To find the point between the Earth and the Moon where the gravitational field intensity is zero, we can use the concept of gravitational field intensity (or gravitational field strength). The gravitational field intensity \( E \) due to a mass \( m \) at a distance \( r \) is given by the formula:
\[
E = \frac{G \cdot m}{r^2}
\]
where \( G \) is the gravitational constant, approximately \( 6.67 \times 10^{-11} \, \text{N m}^2/\text{kg}^2 \).
### Step-by-Step Solution
1. **Define the Variables**:
- Let \( d \) be the distance between the Earth and the Moon, \( d = 3.85 \times 10^8 \, \text{m} \).

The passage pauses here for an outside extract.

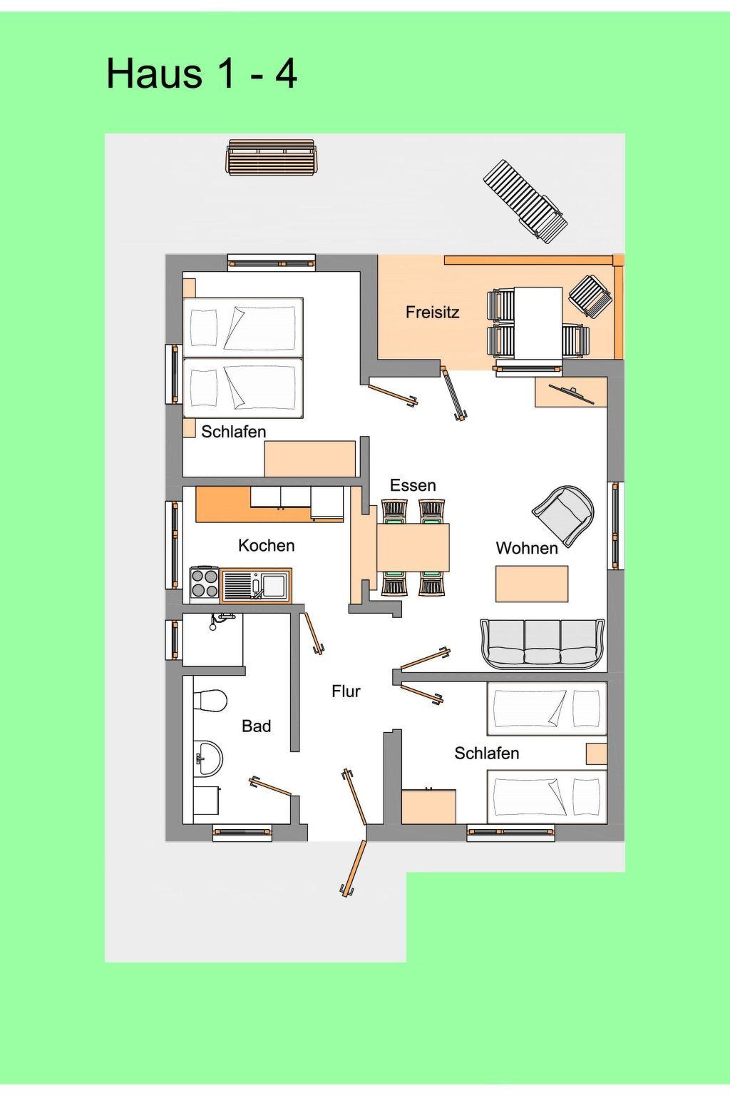 The 72m² solid bungalows have an identical structure and their interiors are similar. They each provide a living room, two bedrooms, a kitchen, a WC and shower, as well as a hallway with a wardrobe. The 20m² living room consists of a corner sofa that can be converted into a bed for a possible fifth person, a sideboard with satellite TV, a radio and a dining corner. One of the bedrooms is furnished with a double bed and the other with two single beds. There is also an additional child’s bed and highchair. The kitchen is fully-equipped with an electric stove and oven, a microwave, fridge with freezer compartment, coffee machine, toaster, kettle and hatch through to the dining space in the living room.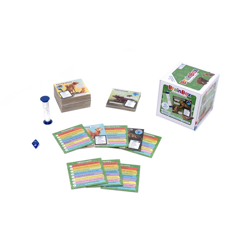 wydanie polskiePoznaj sekrety stworzeń z najróżniejszych zakątków naszej planety z BrainBox - Zwierzęta! Na 54 kartach znajdziesz informacje zarówno o puchatych szynszylach, jak i ryczących lwach i tygrysach, a angażujący sposób rozgrywki sprawi, że Twoje dziecko bez wysiłku będzie poszerzało swoją wiedzę!

- Let \( m_e = 6.0 \times 10^{24} \, \text{kg} \) (mass of the Earth).
- Let \( m_m = 7.26 \times 10^{22} \, \text{kg} \) (mass of the Moon).

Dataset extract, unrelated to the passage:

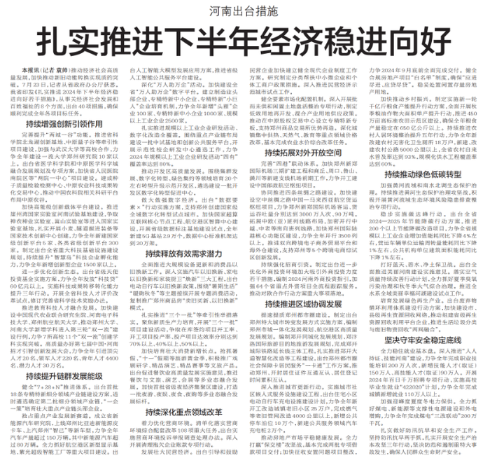 推动经济社会高质量发展,加快推动新旧动能转换实现质的突破。7月23日,记者从省政府办公厅获悉,我省印发《扎实推进2024年下半年经济稳进向好若干措施》,从事关经济社会发展和百姓福祉的8个方面,出台40项措施,确保顺利完成全年各项目标任务。(今日《郑州日报》6版)

- Let \( x \) be the distance from the Earth to the point where the gravitational field is zero.
2. **Set Up the Equation**:
- The gravitational field intensity due to the Earth at distance \( x \) is:
\[
E_e = \frac{G \cdot m_e}{x^2}
\]
- The gravitational field intensity due to the Moon at distance \( d - x \) is:
\[
E_m = \frac{G \cdot m_m}{(d - x)^2}
\]
- At the point where the gravitational field intensity is zero, the magnitudes of these two fields must be equal:
\[
E_e = E_m
\]
- Therefore, we have:
\[
\frac{G \cdot m_e}{x^2} = \frac{G \cdot m_m}{(d - x)^2}
\]
3. **Cancel \( G \)**:
- Since \( G \) is a common factor, we can cancel it from both sides:
\[
\frac{m_e}{x^2} = \frac{m_m}{(d - x)^2}
\]
4. **Cross Multiply**:
- Cross multiplying gives us:
\[
m_e \cdot (d - x)^2 = m_m \cdot x^2
\]
5. **Expand and Rearrange**:
- Expanding the left side:
\[
m_e \cdot (d^2 - 2dx + x^2) = m_m \cdot x^2
\]
- Rearranging gives:
\[
m_e \cdot d^2 - 2m_e \cdot dx + (m_e - m_m) \cdot x^2 = 0
\]
6. **Substitute Known Values**:
- Substitute \( m_e = 6.0 \times 10^{24} \, \text{kg} \), \( m_m = 7.26 \times 10^{22} \, \text{kg} \), and \( d = 3.85 \times 10^8 \, \text{m} \) into the equation:
\[
6.0 \times 10^{24} \cdot (3.85 \times 10^8)^2 - 2 \cdot 6.0 \times 10^{24} \cdot 3.85 \times 10^8 \cdot x + (6.0 \times 10^{24} - 7.26 \times 10^{22}) \cdot x^2 = 0
\]
7. **Solve the Quadratic Equation**:
- This is a quadratic equation in the form \( Ax^2 + Bx + C = 0 \). Use the quadratic formula:
\[
x = \frac{-B \pm \sqrt{B^2 - 4AC}}{2A}
\]
- Calculate the coefficients \( A \), \( B \), and \( C \) from the expanded equation.
8. **Calculate the Roots**:
- Find the value of \( x \) that satisfies the equation, which will give the distance from the Earth to the point where the gravitational field intensity is zero.
### Final Answer
After performing the calculations, you will find the distance \( x \) from the Earth to the point where the gravitational field intensity is zero.